There is growing popular interest in occupational (lifestyle) balance, yet little is known about what occupational balance means or how to achieve it. The lay public and writers in disciplines such as health education, leisure studies, and occupational therapy have suggested that certain lifestyle configurations might lend themselves to higher levels of life satisfaction and general well-being, suggesting that these lifestyles would also be health promoting through their opportunities for enjoyment, socialization, challenge, rest and recreation, personal growth, and self expression.

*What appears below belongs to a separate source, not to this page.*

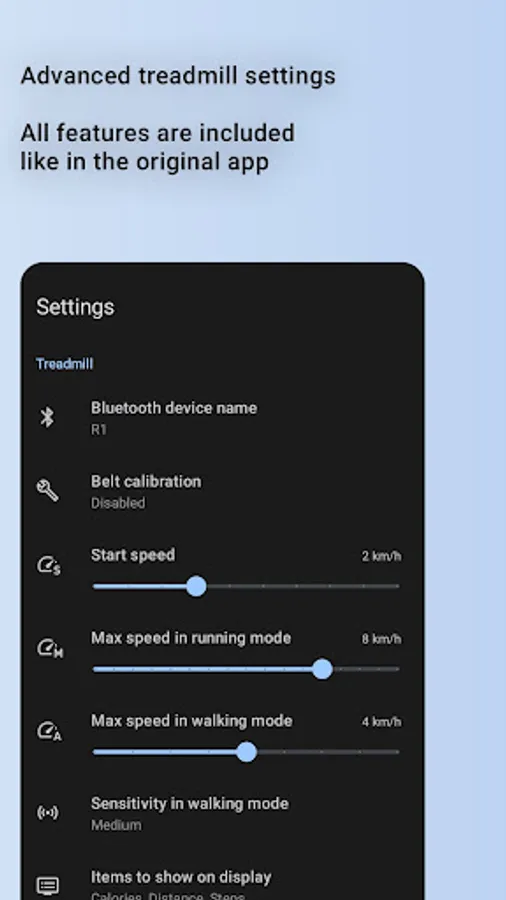 Warning: App is built for the R1 Pro and R2 versions! Work with other treadmills is not guaranteed.

While the idea of a balanced lifestyle has intuitive appeal, the challenge of explicitly describing such a lifestyle in operational terms previously has not been documented in the literature, nor has the concept otherwise been validated. A few writers in occupational science and occupational therapy have addressed the topic in conceptual terms, but few empirical studies have been completed. Constructs such as adaptation, meaning, motivation, coping, habits, and routines, and rhythms have been linked to wellness and quality of life (Christiansen, 2003; Christiansen, 1999; Clark, 1997, Kielhofner, 1977; and Wilcock, 1998) yet it is unknown how these contribute to an overall sense of occupational (lifestyle) balance since they are subjective and viewed uniquely by each individual in the context of their own lives. We will share the results of a pilot study correlating measures of satisfaction with life, affect balance, sense of coherence, and quality of life to a measure of occupational balance. Important constructs related to occupational balance will be clarified, explored, and linked to healthy lifestyles and quality of life.

Finally, with the insights gained from the pilot study and a review of literature, we will present a model of occupational balance organized around Maslow’s hierarchy. These will propose that balanced lifestyles require occupations that meet deficiency needs, which rely upon actual and perceived competence as well as occupations that meet being needs which pertain to relationships, perceived meaning, and personal growth.